From 2bdb59b36decd2eefec3e9f1b96810e107ffe701 Mon Sep 17 00:00:00 2001
From: DemchaAV <demchaav@gmail.com>
Date: Sun, 14 Jun 2026 23:02:12 +0100
Subject: [PATCH 08/10] bench(gate): gate the long-token scenario and guard
 scenario/threshold coverage

The smoke perf gate ignores any scenario without a configured threshold,
so long-token (the 6th latency scenario) was silently ungated -- a real
regression there would never fail the gate. Add its SMOKE threshold
(10.0 ms / 256.0 MB, ~3x the observed ~3.2 ms / ~94 MB, matching the
existing per-scenario calibration headroom).

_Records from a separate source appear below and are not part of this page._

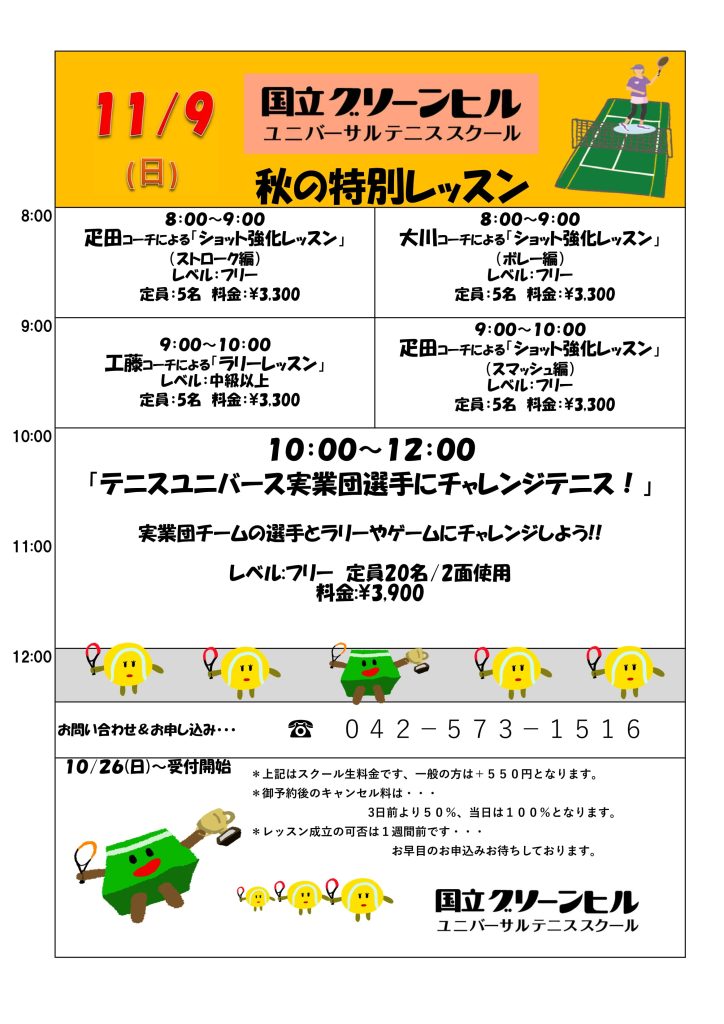 いつも国立グリーンヒルユニバーサルテニススクールをご利用いただきありがとうございます。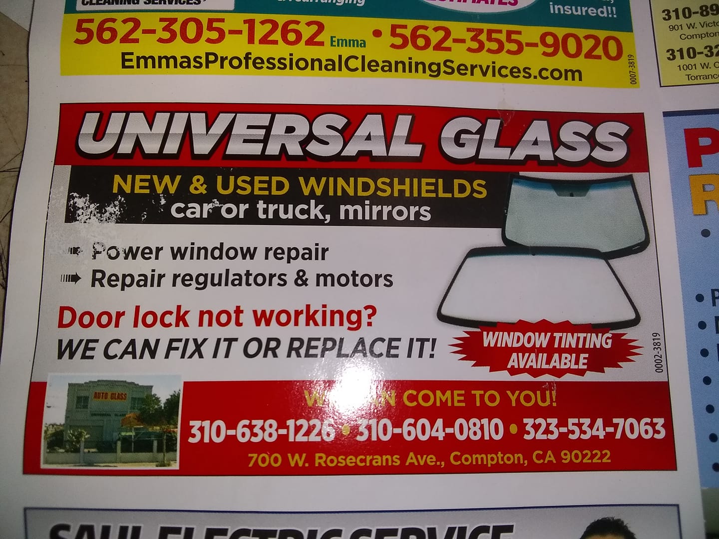 Universal Glass Services provides excellent and fast auto glass replacement. Customers report great customer service, with friendly and helpful staff. The service is quick, with work often completed in under 30 minutes or even less than 10 minutes. They are known for having hard-to-find materials when other places do not. The price is consistently described as fair, great, and the lowest or best price around. The quality of the work is good and they use reliable, old-school methods. The shop can handle windshield replacement and tinting efficiently. While the business is cash only and the exterior may be unassuming, the people inside are nice and provide amazing service, turning stressful problems into solved matters. Many customers are satisfied and recommend the business.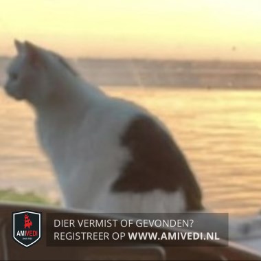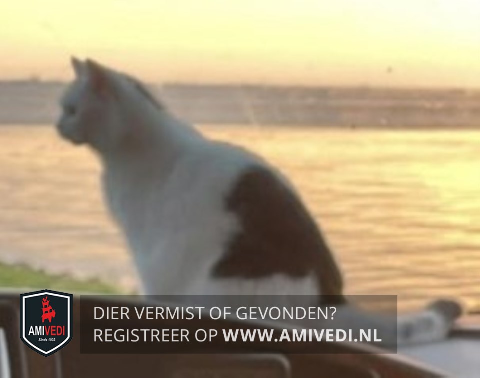 | Signalement | Witte poes. Achter op de kop een zwarte plek. Linkerzijkant en rug een grote zwarte plek. Puntje van de staart zwart. Schuw. |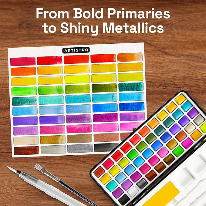 - 50 tonos de acuarela vibrantes: el juego de pintura de acuarela Artistro incluye 50 colores ricos y vivos, perfecto para principiantes, estudiantes y artistas profesionales. Crea todo, desde lavados suaves hasta obras de arte audaces y expresivas.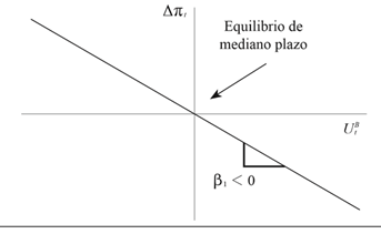 El parámetro β1 refleja la magnitud de la relación entre el cambio en la aceleración de la inflación respecto de la brecha de desempleo y solo cuando esta variable es 0 la economía estará en su equilibrio de mediano plazo.13 El Banco Central definirá la política más eficiente para alcanzar ese objetivo.

Hoist the scenario list to a static SCENARIO_DEFS so the names are
readable without re-measuring, and add CurrentSpeedScenarioGateTest,
which fails the build if any scenario lacks a SMOKE threshold. No
behaviour change to the run itself -- same six scenarios, same order.
---
 .../demcha/compose/CurrentSpeedBenchmark.java | 57 +++++++++++++++----
 .../compose/CurrentSpeedScenarioGateTest.java | 35 ++++++++++++
 2 files changed, 82 insertions(+), 10 deletions(-)

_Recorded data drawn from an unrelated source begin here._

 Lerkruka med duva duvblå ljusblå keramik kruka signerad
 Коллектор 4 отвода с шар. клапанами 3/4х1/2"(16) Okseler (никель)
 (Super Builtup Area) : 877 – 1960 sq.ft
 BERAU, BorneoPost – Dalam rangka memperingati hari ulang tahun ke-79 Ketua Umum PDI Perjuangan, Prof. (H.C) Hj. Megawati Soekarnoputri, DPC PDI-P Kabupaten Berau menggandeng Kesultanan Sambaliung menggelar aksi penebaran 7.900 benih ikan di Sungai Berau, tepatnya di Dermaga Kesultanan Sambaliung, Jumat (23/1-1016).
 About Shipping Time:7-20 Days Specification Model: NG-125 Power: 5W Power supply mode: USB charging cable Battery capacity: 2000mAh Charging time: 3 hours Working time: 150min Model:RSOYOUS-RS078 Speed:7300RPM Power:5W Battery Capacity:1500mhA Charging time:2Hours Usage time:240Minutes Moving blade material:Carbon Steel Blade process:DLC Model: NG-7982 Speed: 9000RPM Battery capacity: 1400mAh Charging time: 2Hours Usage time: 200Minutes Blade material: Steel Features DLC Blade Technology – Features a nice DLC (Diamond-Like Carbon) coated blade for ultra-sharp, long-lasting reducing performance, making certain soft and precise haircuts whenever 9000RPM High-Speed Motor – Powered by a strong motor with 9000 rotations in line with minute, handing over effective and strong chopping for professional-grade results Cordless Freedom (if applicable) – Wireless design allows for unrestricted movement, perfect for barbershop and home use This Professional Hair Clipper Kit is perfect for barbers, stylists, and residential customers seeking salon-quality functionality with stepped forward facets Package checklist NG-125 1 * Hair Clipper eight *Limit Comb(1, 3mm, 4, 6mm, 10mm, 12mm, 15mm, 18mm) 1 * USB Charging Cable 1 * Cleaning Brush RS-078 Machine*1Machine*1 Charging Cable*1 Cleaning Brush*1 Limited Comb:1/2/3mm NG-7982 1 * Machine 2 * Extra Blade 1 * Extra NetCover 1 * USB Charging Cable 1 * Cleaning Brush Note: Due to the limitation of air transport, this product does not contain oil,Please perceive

 create mode 100644 benchmarks/src/test/java/com/demcha/compose/CurrentSpeedScenarioGateTest.java

diff --git a/benchmarks/src/main/java/com/demcha/compose/CurrentSpeedBenchmark.java b/benchmarks/src/main/java/com/demcha/compose/CurrentSpeedBenchmark.java
index e3d877943..64e113d20 100644
--- a/benchmarks/src/main/java/com/demcha/compose/CurrentSpeedBenchmark.java
+++ b/benchmarks/src/main/java/com/demcha/compose/CurrentSpeedBenchmark.java
@@ -32,6 +32,7 @@
 import java.util.concurrent.ExecutorService;
 import java.util.concurrent.Executors;
 import java.util.concurrent.Future;
+import java.util.function.Function;
 
 /**
  * Focused local benchmark harness for current GraphCompose performance.

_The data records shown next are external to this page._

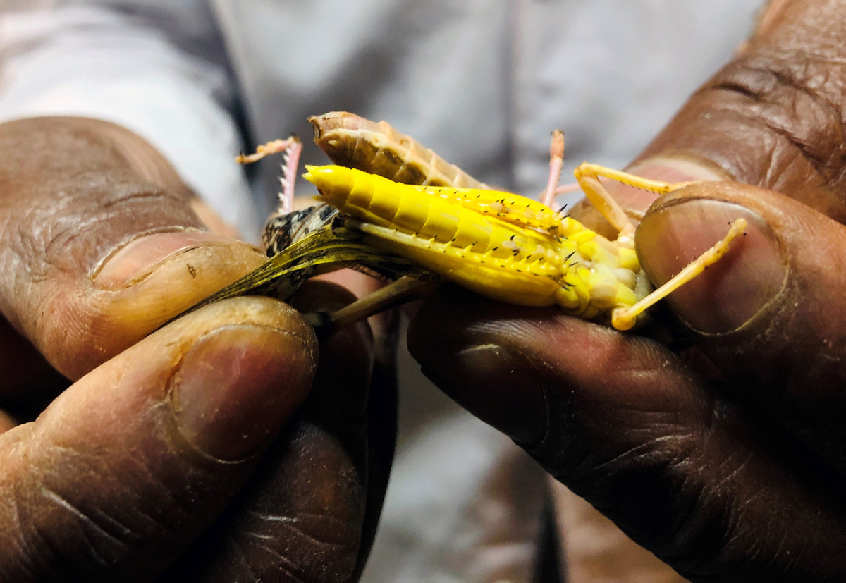 ICIPE is developing nets and backpack-vacuums to capture large numbers of locusts. The protein-rich insects can then be cooked or crushed into meal or oil suitable for animal feed or human consumption. ICIPE organizes regular events to normalize the consumption of insects.
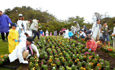 参加企業や団体は、社会貢献や環境保全、福利厚生事業の一環として、お花畑や花壇で苗の植え替えや除草などを行います。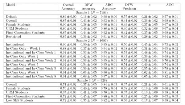 他们指出,在对整个样本预测结果中,女性和少数民族学生较多的样本,DFW 准确性较低,他们指出,这需要对人口统计学进行模型调整。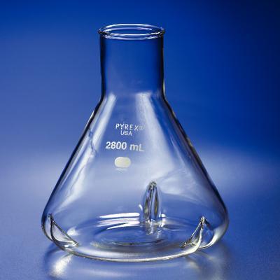PYREX* Brand Fernbach Culture Flask^ Wide-mouth flask is triple baffled on the bottom outside edges to achieve maximal oxygen transfer to culture medium. Beaded neck accepts a cotton plug or #13 rubber stopper. Volume: 2800mL. Neck ID: 63mm. Dimensions: 200O.D.x230Hmm.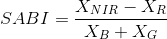 El algoritmo SABI (Superficial Algae Bloom Index) detecta la biomasa que flota en la superficie del agua, que tiene una respuesta similar a la vegetación terrestre (Alawadi 2010). Es una relación de diferencia de banda empírica similar al NDVI, pero incluye específicamente bandas espectrales sensibles al océano; la azul (característica del agua clara) y la verde (característica de la floración de la columna de agua). Para Modis, las bandas corresponden a: B1 (XR = 645 nm) y B2 (XNIR = 869 nm), ambas agregadas del grupo de bandas MODIS de resolución de 250 m; y las bandas B3 (XB = 469 nm) y B4 (XG = 555 nm), respectivamente, disponibles dentro del grupo de bandas MODIS de resolución de 500 m (Alawadi 2010).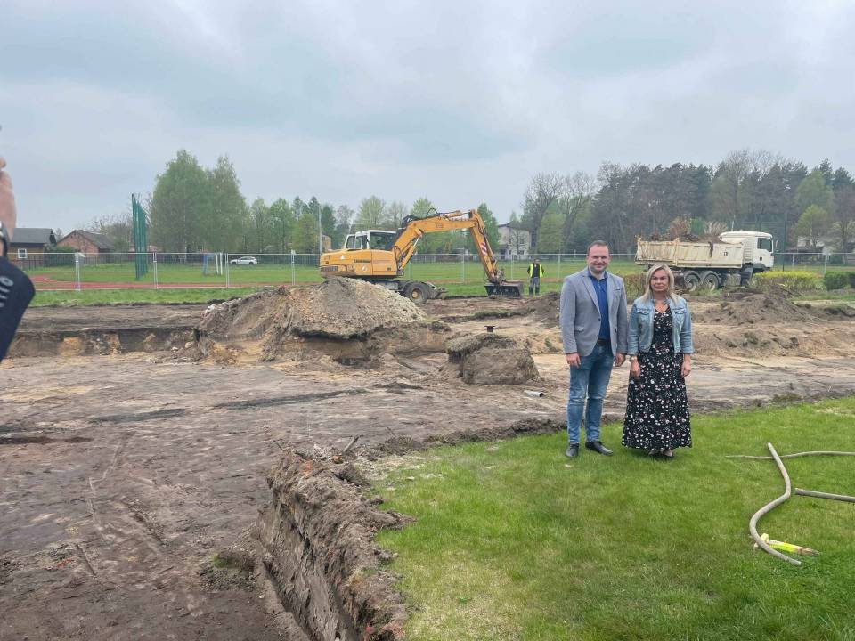 Dokładnie w miniony piątek, 6 maja na placu budowy, tuż przy Szkole Podstawowej w Wadlewie wbito pierwszą symboliczną łopatę i tak oto ruszyła długo wyczekiwana budowa. Mowa oczywiście o budynku sali gimnastycznej. Przy rozpoczęciu prac obecni byli wójt gminy Drużbice Tomasz Głowacki oraz dyrektor szkoły w Wadlewie Małgorzata Kruk.

@@ -87,6 +88,36 @@ public final class CurrentSpeedBenchmark {
     private final ProposalDocumentSpec proposal = CanonicalBenchmarkSupport.canonicalProposal();
     private final CvSpec cv = CanonicalBenchmarkSupport.canonicalCv();
 
+    // Canonical scenario list, in table order. Declared statically (the
+    // renderer is bound to an instance at run time) so the gate-coverage guard
+    // test can read the scenario names without re-measuring: a scenario added
+    // here without a matching SMOKE threshold below would silently escape the
+    // perf gate, and CurrentSpeedScenarioGateTest fails loudly if that happens.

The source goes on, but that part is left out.